Yes it does. next/prev starts from the last known location in the linklist.

Dec 12 2010 | 12:23 am

Is the struct traversal algorithm smart enough to know that if two consecutive indexes are being addressed (ie 1, then 2) then this is the same as using ( next) ie (1, then next)?

Dec 12 2010 | 6:32 pm

Mmm… empirical data…

Dec 12 2010 | 7:52 pm

We see so much topics about [coll] performance issue, sorry to repeat that again, but i find that, because of this "iterate-through-everything" neccesity, coll is the most inefficient piece of object in max. Hundreds of thousand of computer cycles to just recover one single value. ( )

I might be wrong but my feeling is that maxers rarely use this "Linked list" feature of coll, so i think that a kind of [arraylist] object is missing in max. This ideal [arraylist] object wouldn’t need to iterate through everything to retrieve the list n°49834 stored in it. It would just look directly for the list n°49834.

Dec 12 2010 | 8:41 pm

Bear in mind that coll can use symbols as indexes.

To improve coll’s performance with longer lists, a hashtab would probably be needed. Its performance would be worse than a linked list for (quite) short lists.

There’s a project for somebody. The coll source is available in the SDK – try rewriting it to use a t_hashtab. Doing a "next" in a hashtab is impossible(?), so it’s likely you’d need a t_linklist in parallel anyway (storing just the coll indexes), ie you’re gonna wind up with an additional performance hit when storing/removing indexes etc.

Dec 13 2010 | 5:23 am

Thanks for the discussion, everybody. I am using coll as a kind of storage for sequencer data (where each line contains a variable number of parameters for different kinds of note/events). So, except for an initial "Go To" event, I’ll be stepping through, so I suppose I am OK with that.

If anyone has other suggestions on how to do sequencing, I’m all ears. . .

I know I’m not the first to use coll this way..

Dec 13 2010 | 10:00 am

Chris, you say:
I am using coll as a kind of storage for sequencer data (where each line contains a variable number of parameters for different kinds of note/events).

Isn’t [detonate] optimized for this kind of application? Have you looked at that?

Dec 13 2010 | 11:32 am

[detonate] is really about MIDI notes… I’d probably use [qlist] as a more general tool. But I also happened doing the same with [coll], and it worked quite well.

@johnpitcairn: unfortunately the source for coll is not in the sdk… it might not be too difficult replicating its basic behaviour using hashtabs, but it sounds like a very boring job! on the other hand, in the sdk there are a couple of examples dealing with databases, one of which is called "dbcuelist" – it looks quite basic, but not bad at all…


Dec 13 2010 | 11:36 am

… or you might give a look at the slots of bach.roll and bach.score –


Dec 13 2010 | 8:37 pm

> "I use [jit.matrix] to store data for a sequencer ; but not sure that’s best …"

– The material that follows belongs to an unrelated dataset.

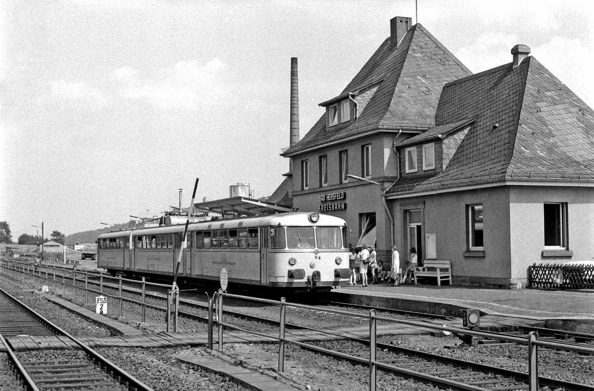 km 153,2 in Bad Hersfeld - Schienenbus und die V100 PA am 21.08.1984

From what i remember, in term of efficiency, It is the best in max to do that. Around X100 faster than coll.
A while ago, i made some efficiency test to store sequence data in an array, comparing : jit.matrix, coll, ftm, peek~ and buffer, etc.. to store and read values :

Dec 14 2010 | 7:40 pm

@andrea agostini: The coll source is in the Max 4 SDK. I suspect it’s little different, if at all, in Max 5. I wonder what the comparative lookup times are for a database?

Dec 14 2010 | 10:25 pm

mmm… I should have a Max 4 SDK somewhere. But if it’s a pre-obex version, quite a lot of things could have changed. I’ll go and check it out.

I’d be curious too about the performance of a database. In principle, I’d expect it to be very efficient on huge collections of data, not as much for smaller ones.


Dec 15 2010 | 12:54 am

I was using a coll because I can stash text, numbers, all kinds of things etc. in there. I’m not sure that jit.matrix can do this? (Although of course there are ways around that).